Al deze redenen zijn in lijn met de ETS-regels en nauwkeurig getoetst door de NEa
om te voorkomen dat er misbruik gemaakt wordt van deze regels.
Vraag 4
Wat bedoelde de Nederlandse Emissieautoriteit (NEa) volgens u precies toen zij vorig
jaar sprak van een «georganiseerde uittocht» van de glastuinbouw uit het ETS? Doelde
zij daarmee impliciet op de hulp die de Nederlandse overheid gaf om dit systeem te
ontwijken?
Antwoord 4
Uit navraag bij de NEa door het Ministerie van EZK blijkt dat de NEa erop doelde dat
de sector actief en georganiseerd de mogelijkheden heeft verkend om binnen de grenzen
van de wet uit het ETS te treden. De NEa toetst de vergunningaanvragen van bedrijven
waardoor ze niet langer onder ETS vallen aan het wettelijk kader zodat geen misbruik
gemaakt kan worden van de regels. Hierin maakt de NEa geen onderscheid tussen aanvragen
van glastuinbouwbedrijven of bedrijven uit andere sectoren.
Vraag 5
Is het juist dat nieuwe gegevens erop wijzen dat de glastuinbouw haar klimaatdoelen
niet haalt?2
Antwoord 5
In het gewijzigde «Convenant CO2 emissieruimte binnen het CO2-sectorsysteem voor de periode 2013 – 2020»3 is een CO2-emissieplafond voor 2020 afgesproken. Mocht dit plafond niet gehaald worden dan is
in het convenant afgesproken dat de overschrijding gecompenseerd moet worden.
Vraag 6
Welke CO2-reductie had er gerealiseerd kunnen worden als de ruim 100 bedrijven onder het ETS
waren gebleven en in hoeverre is dit van invloed op het niet halen van de doelstelling
uit het Urgendavonnis?
Antwoord 6
De reductie binnen het ETS vindt plaats op Europese schaal en kan niet eenduidig vertaald
worden naar één specifieke sector in Nederland. Met de glastuinbouwsector is een wettelijk
vastgelegde CO2-doelstelling afgesproken die geldt voor de gehele glastuinbouw, inclusief de emissies
van de glastuinbouwbedrijven die onder het ETS vallen. De inspanningen van de sector
om te voldoen aan deze CO2-doelstelling afspraak dragen dus bij aan de doelstelling uit het Urgenda-vonnis.
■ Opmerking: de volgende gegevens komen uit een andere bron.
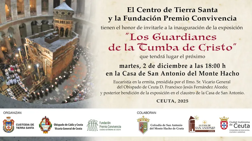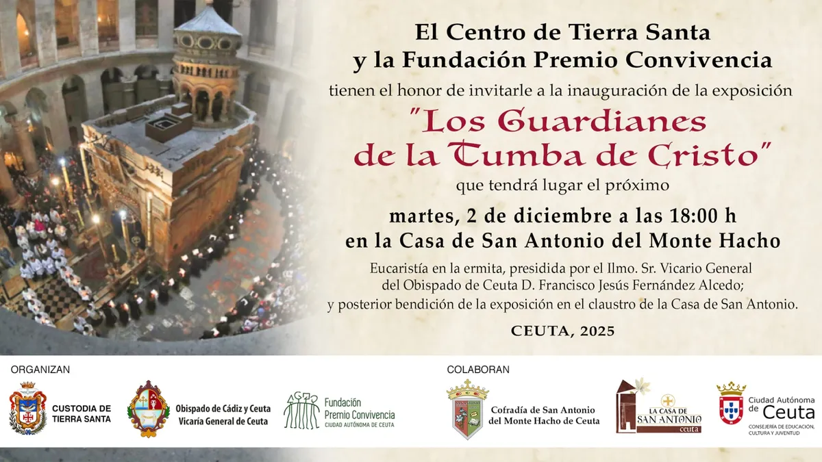 Ceuta/ La Consejería de Educación, Cultura y Juventud, a través de la Fundación Premio Convivencia, ha organizado la exposición fotográfica “Los Guardianes de la Tumba de Cristo”, en colaboración con la Vicaría General de Ceuta y la Cofradía de San Antonio, y que podrá contemplarse a partir del próximo 2 de diciembre en el Claustro de la Casa de San Antonio del Monte Hacho de Ceuta, ofreciendo una oportunidad única para conocer de cerca la labor de los franciscanos en Tierra Santa.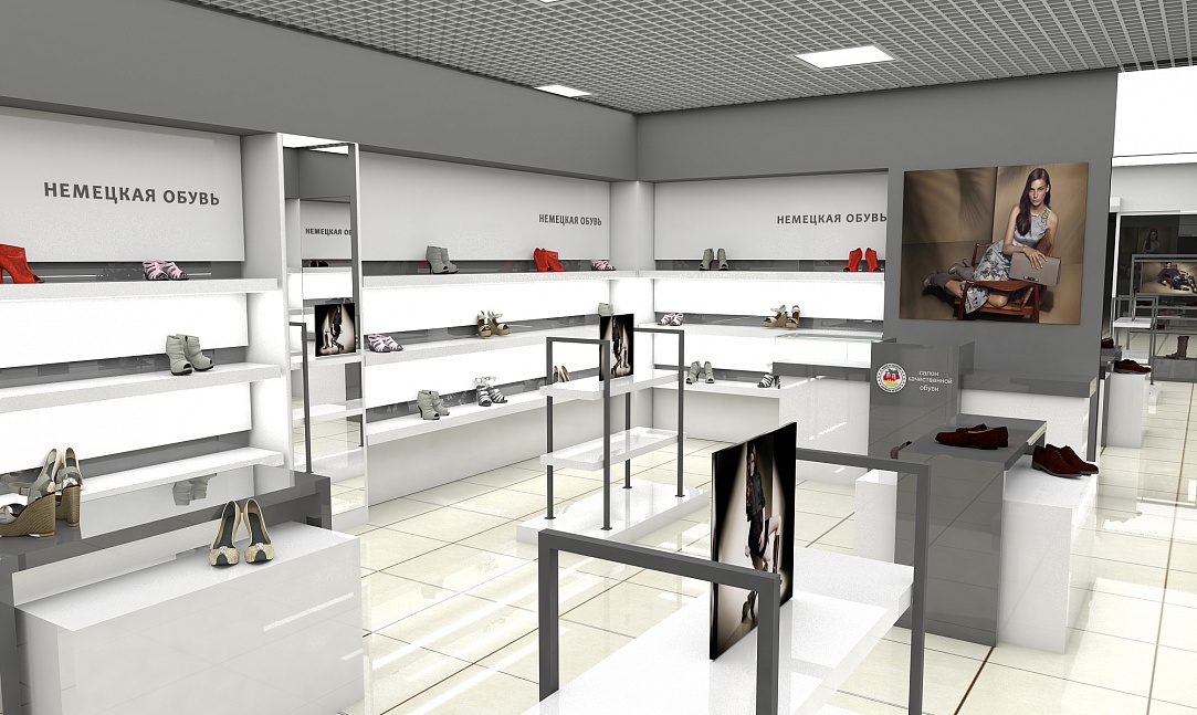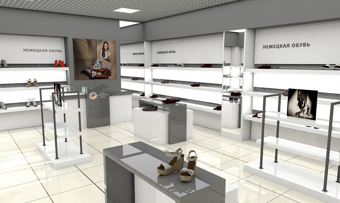 Задача - разработать дизайн проект интерьера магазина обуви

Zie ook het antwoord op vraag 5.
Vraag 7 en 8
Is het juist dat de betrokken bedrijven op twee manieren door de overheid werden «geholpen»
bij ontwijking van het ETS, door a) de mogelijkheid te creëren om het bedrijf te splitsen
waardoor het onder de drempel bleef of b) gasketels als «reserve» aan te merken?4
Waarom is ervoor gekozen om deze twee mogelijkheden aan te bieden?
Antwoorden 7 en 8
De mogelijkheid om te splitsen volgt uit de Wet milieubeheer, maar ook uit de Europese
ETS-Richtlijn. Daarmee vallen alleen bedrijven boven een bepaalde capaciteit onder
ETS. De Nederlandse regels zijn er juist op gericht om misbruik van de mogelijkheid
tegen te gaan. Er worden met de Nederlandse regels geen nieuwe mogelijkheden gecreëerd,
alleen wordt misbruik verhinderd.
Vraag 9
Waarom is dit niet openlijk, ook met de Tweede Kamer, besproken?
Antwoord 9
Bedrijven hebben gebruik gemaakt van bestaande criteria in de Wet milieubeheer en
daarop is getoetst door de NEa.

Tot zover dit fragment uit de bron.